After another few second, and as gently as I could force myself, I spoke, "Look at me, love. Come on."
She gripped my shirt in response but I tried again. "Show me your beautiful eyes, amor." I said, feeling her stir in my hold, and watching her slowly lift her head. The look on her face broke me, splinting me into tiny fucken pieces. The tears in the rims of her eyes, pooling and spilling around the edge's twisted a knife into my heart. "You're okay."
She lip quivered as she sucked it in, a tear slipping down her face and I brought my hands up, wiping that tear away. "Did he touch you?" I asked, knowing the question could break me even further but I needed to know. I need to know the extent of the damage.
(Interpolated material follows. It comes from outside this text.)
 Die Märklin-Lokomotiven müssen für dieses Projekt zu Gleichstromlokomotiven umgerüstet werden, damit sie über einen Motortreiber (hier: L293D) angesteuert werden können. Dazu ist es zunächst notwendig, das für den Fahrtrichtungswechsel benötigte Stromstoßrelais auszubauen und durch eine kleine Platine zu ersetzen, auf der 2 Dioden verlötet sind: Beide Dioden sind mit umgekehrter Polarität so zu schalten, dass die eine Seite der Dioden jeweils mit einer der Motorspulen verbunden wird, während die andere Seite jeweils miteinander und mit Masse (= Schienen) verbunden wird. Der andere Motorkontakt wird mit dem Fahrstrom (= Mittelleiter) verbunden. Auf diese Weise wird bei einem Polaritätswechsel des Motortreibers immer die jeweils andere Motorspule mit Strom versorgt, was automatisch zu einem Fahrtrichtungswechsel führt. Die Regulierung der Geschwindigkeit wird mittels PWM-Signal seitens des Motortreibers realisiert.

She blinked, starting to shake in my hold again. Fucken hell. No. "Hey, hey. Love. Look at me." I muttered, lifting her dropping chin, "You're okay, but I need you to tell me what he did because my head is spinning with all the worst thoughts, and I can't handle it much longer." I begged, giving her my brutal truth.
"He--, he grabbed me and cornered me into the wall." she inhaled deeply, but it shook anyways, "Then he yelled at me, and said really mean things. I tried, I tried really hard, Mateo. But he held my arms. I couldn't—I –" she paused as a hiccup came out of her. And I could see that she has no more fight left and it tore me. "Okay amor, okay." I whispered, pulling her back into my chest where she felt safe. Where she was safe, no matter what.
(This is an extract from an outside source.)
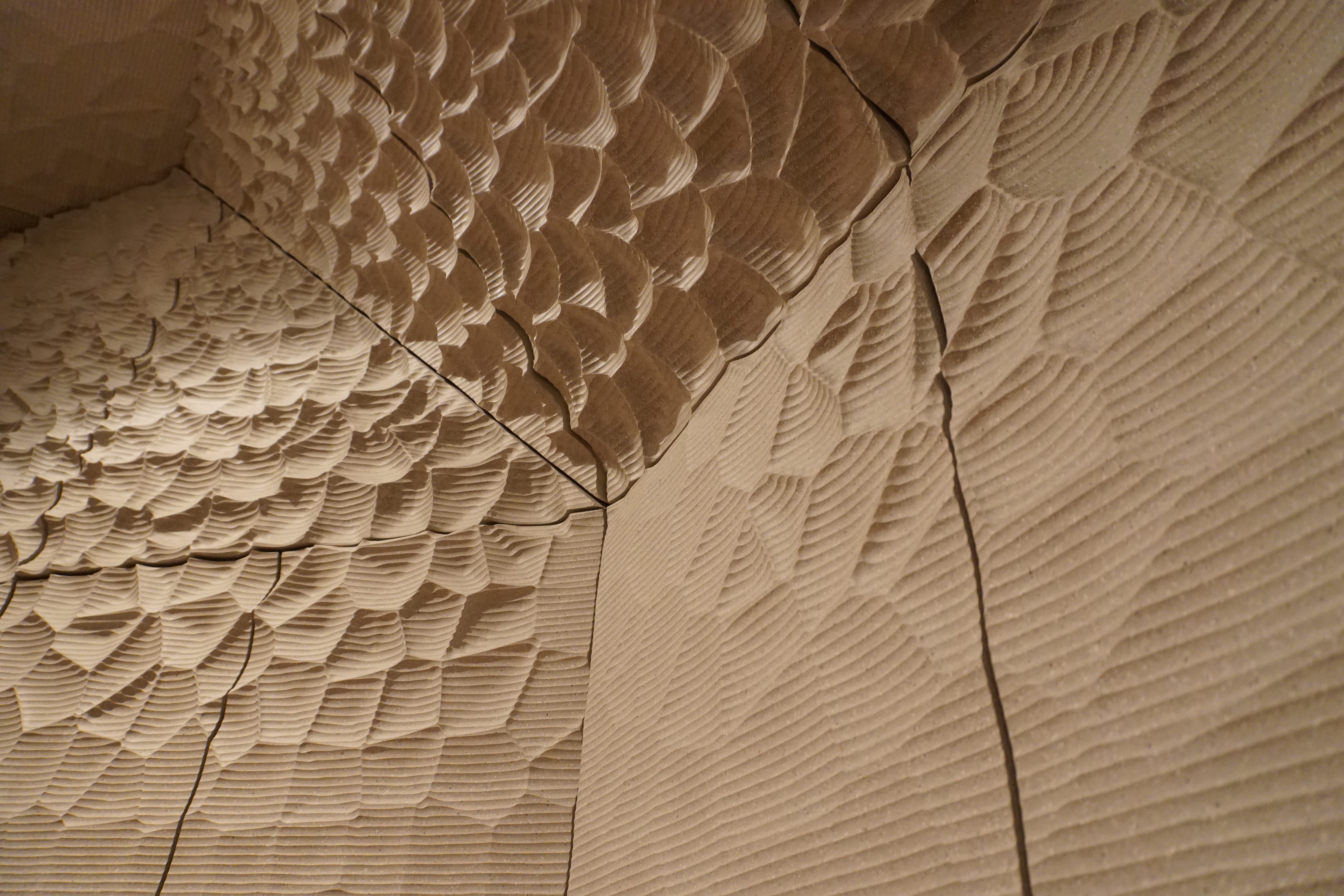 Die Akustikplatten an Wand und Decke mit Riffelung und Vertiefung je nach akustischer Notwendigkeit.

I just needed to make one thing clear. "Just tell me one thing. Did he touch you anywhere he shouldn't have?" I asked, praying for the answer to be no because I don't know if I could handle yes. I can handle pretty much anything but if she said yes, I think it will do some unrepairable damage to me. And maybe the universe doesn't hate me so much because she shook her head into my chest and relief washed over me so hard I almost chocked on it.
I rubbed her back, giving her more time until I noticed Kirsan walking over and stopping behind her. He glanced between Lina in my chest and me with a slightly concerned expression written on his normally impassive face. "What do you want us to do?" he asked, his voice soft and gentle and I almost wanted to thank him, but I think he already knew that. Knew how to handle the situation, probably better then me.
Truth was, I wanted him to leave. I wanted all the noise to fade. I wanted this night to end differently. I wanted the girl in my chest to smile. I wanted to take her pain away. I wanted to kill the idiot behind me. I wanted a lot of things but instead I glanced down at Lina who was still shaking a little but finally calming down and I knew I needed to deal with the situation. "Amor..." I whispered and watched her tip her head up to look at me, panicking starting to coat her glossy eyes.
She shook her head just a little. "Please don't leave me. I'm sorry I dirtied your shirt, Ill clean it for you but please don't leave me alone here. I don't want to go back inside, there's to many people. Please Mateo, I'm sorry." She whispered, choking on a sob again.